Password has a max length = not hashing passwords?

[smtchahal]

The entry for NordVPN states

Claims to protect your security. Can't even hash a password.

supposedly because they don't allow passwords longer than 48 characters.

Is the implication here that having a, say, low max length necessarily means that the server is not hashing the password?

If the hash is computationally expensive (e.g. with argon2), then as the password length grows, so does the computation time. There has to be some sane limit to it, just to prevent a DoS because of a malicious user with an absurdly long password.

Thoughts?

[duffn]

I'm not sure about that particular entry in regard to "Can't even hash a password".

The length, however, is just arbitrary. There was a discussion somewhere on adding Google because their max was 99 characters, but that seems like enough to me, so it wasn't added. 48 seems a bit low to me, so it's on the list. It's just made up.

[smtchahal]

So 48 is made up, but 99 is... based on research?

I think we need a concrete number as to what's considered an acceptable upper limit (which definitely needs to be there). But assuming passwords are stored unhashed just because there's a certain upper limit is just silly.

[duffn]

I didn’t state any sort of research. They’re both made up. 99 seems long enough to me, 48 doesn’t. That’s it.

[smtchahal]

That's fair. I still think we need a number though. I mean 48 seems long enough to me, but that's just always going to be subjective unless we agree upon a number.

I also think we should re-word the NordVPN entry. Hashing should not be put into question without a valid reason.

[duffn]

Please feel free to open a PR to update the Nord entry! I agree, it sounds odd.

[smtchahal]

Done! See #416.

Let's do something about the max length as well now. OWASP doesn't directly say it, but it does mention 64 characters as a "common maximum length due to limitations in certain hashing algorithms".

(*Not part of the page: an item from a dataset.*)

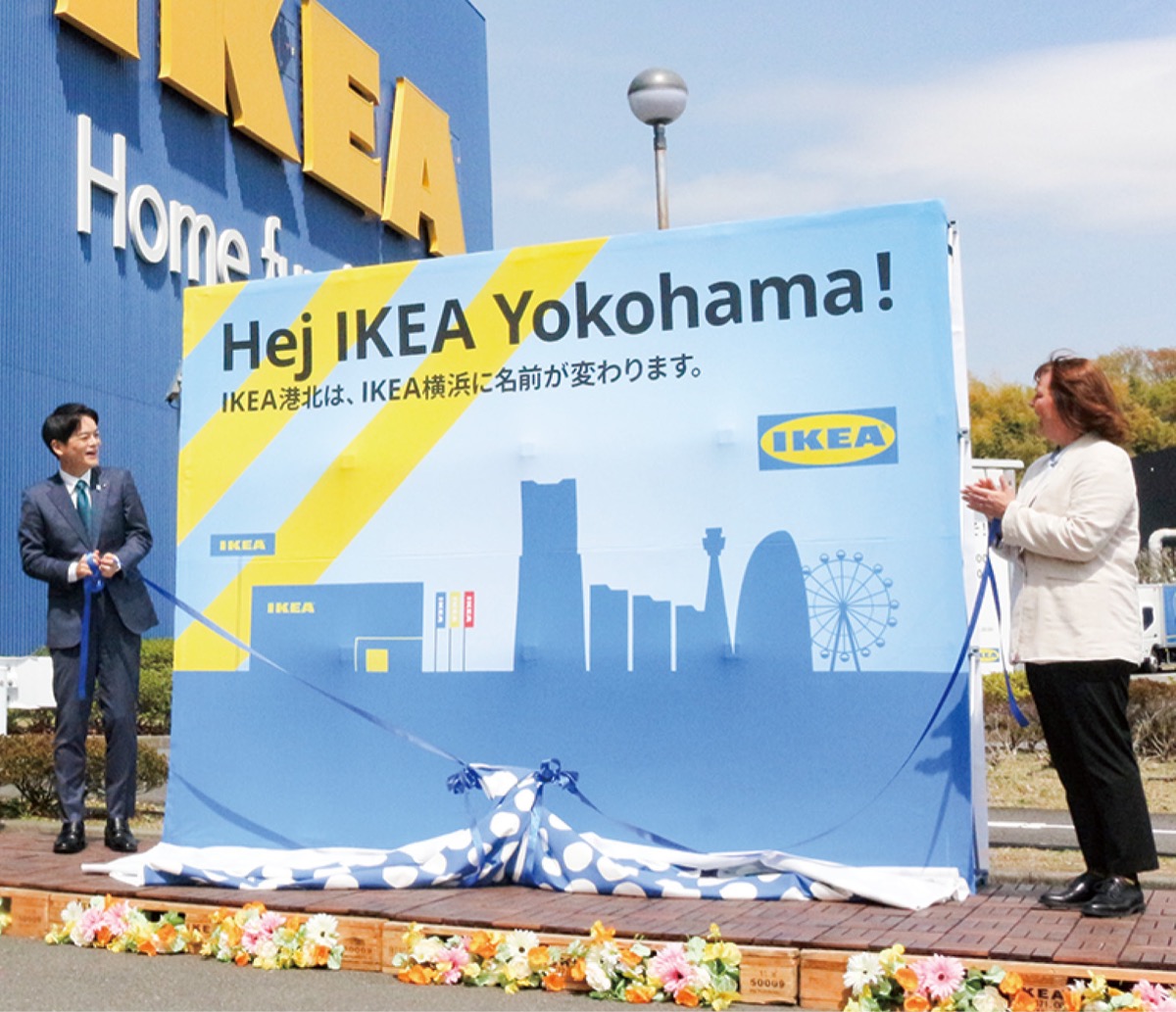折本町のIKEA港北が4月1日にIKEA横浜に名称変更したのを受け、5日、記念セレモニーが1階エントランス前で行われた。セレモニーではイケア・ジャパン株式会社のペトラ・ファーレ代表取締役社長兼CSOと山中竹春市長が名称変更を伝えるボードの除幕式に臨んだ。

Let's go with that then? That 64 characters should be the lowest reasonable max length? We could add it to #219 maybe?

[duffn]

Sure, 64 seems reasonable to me. Though if somebody allows a 70 character password but it’s all lowercase or something absurd like that, then that’s dumb.

[smtchahal]

Agreed! Other dumb password rules still apply. I only opened this issue to discuss password length.

[duffn]

I added a section here on the new about page on what makes a dumb password rule. https://dumbpasswordrules.com/about/

No specific length really, so our previous discussion still applies. I'll continue to happily review any and all PRs for new entries or updates!